EVERGREEN — It would be easy to say the events that led Cindy Hooker to the Boys and Girls Club of Glacier Country were all random chance, linked together in a straightforward but unplanned way to bring her from Tennessee to Kalispell.

But Hooker doesn’t think it’s that simple. What are the odds that a person who built a Boys and Girls Club from the ground up in rural southeastern Tennessee would move to the Flathead and learn that the local clubs are in need of leadership?

“It was really something that God led me to, there’s no doubt in my mind,” Hooker said from the Evergreen Boys and Girls Club last week.

Hooker recently took over as director at the club, which has fallen into a dire financial situation. Two grants worth $70,000 were lost in the last two years, and the club needs about $75,000 for its annual programming and to keep the doors open, she said.

The predicament is so severe that the board of directors has decided to sell the Evergreen skating rink building the club has been using as its headquarters, and host the programming at Evergreen Elementary from now on.

Busing students to and from the skating rink on Shady Lane was too expensive, and the club now takes six to eight trips with a 15-passenger van to bring the kids from school to the club.

Boys and Girls Clubs across the country seek to help young people, especially those in need, reach their full potential as citizens, through safe environments, programming, and positive, supportive relationships with caring adults.

As it stands now, the club has enough funding to make it month to month, but the stress of trying to come up with money to pay for each month takes away attention from the kids and the programming, Hooker said.

“We need $75,000 to operate in the schools, and it doesn’t need to be all at one time,” Hooker said. “We want to be able to reassure our parents that this program will continue.”

Roughly 80 kids participate in the Boys and Girls Club regularly, she said, and a survey sent home to parents revealed that most of the adults sending their kids to the club after school would be left with no other options if the club shuts down.

“If we don’t have any money by January, we won’t be able to run programming after Christmas break,” Hooker said.

It’s a challenging position to take on as a newcomer to the local program, but Hooker’s experience with the Boys and Girls Club extends more than a decade, back to when she and her family were living in Tennessee. She was very involved with her two children’s lives, Hooker said, but noticed there were so many kids who didn’t have that attention in their own lives.

“Seeing kids who didn’t have that really drove me to want to create a place for kids,” Hooker said.
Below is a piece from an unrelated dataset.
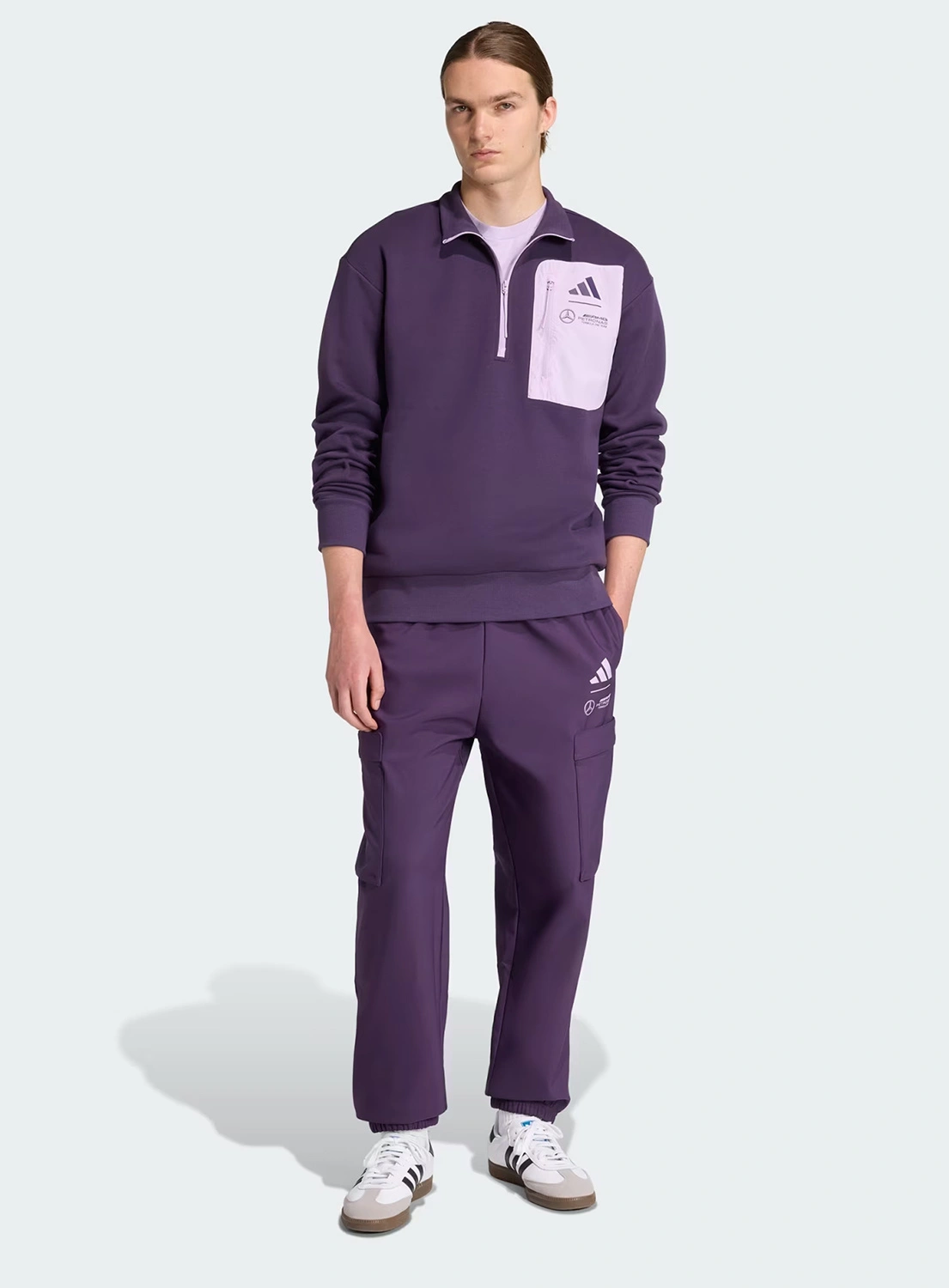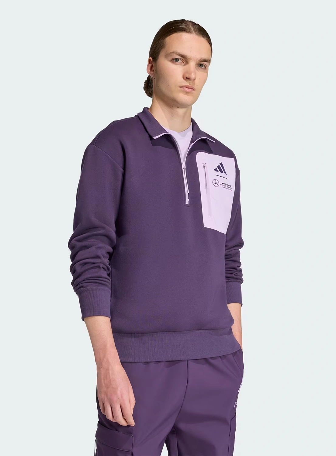 The Mercedes-AMG Petronas F1 Premium Woven Fleece is part of the adidas Motorsport collection, designed for everyday comfort and practical functionality. Made from a blend of cotton and recycled polyester, it provides warmth and a comfortable feel for daily wear. The half-length zip and stand-up collar offer added protection against cooler temperatures, while the zippered chest pocket adds a distinctive and practical detail. The Mercedes-AMG Petronas Formula One Team branding and iconic three-stripe logo complete the authentic motorsport look.

It took two years to start the Boys and Girls Club there, but within a couple years, they had their own building thanks to a grant from the USDA Rural Development program and were serving at full capacity.

“My mindset was to get the club started and have it flourish,” she said. “To watch (the kids) be on this path, and because of what goes on at the Boys and Girls Club, you watch their path change. Oh my gosh, it’s amazing.”

She was the director of the club for eight years after getting it off the ground, but a vacation to Montana disrupted further plans for Tennessee. They visited the valley and Glacier National Park several years ago, and the family decided it was the place for them.

“We hiked the Highline to Swiftcurrent (in Glacier Park) and we were done — we were sold,” she said.

Hooker’s husband got a job here about a year and a half ago, and she began working for Buffalo Hills Terrace in Kalispell. There, she met a member of the board for the Boys and Girls Club, and after joining the board, she decided to take on the director role after the previous director, Alan Sempf, resigned.

The club needs to dig itself out of a hole and quickly, Hooker said. Local community groups such as Rotary have been key in getting the word out, and Hooker would like to partner more with community groups.

On Nov. 16, the Red Caboose Frozen Yogurt + Coffee shop in Whitefish will donate all the proceeds earned between 7 p.m. and 9 p.m. to the Boys and Girls Club, and Hooker said she has more fundraisers in mind.

Once the club is able to focus on more than just staying afloat, Hooker hopes to emphasize new programming for teens, and eventually build a new facility for the Boys and Girls Club.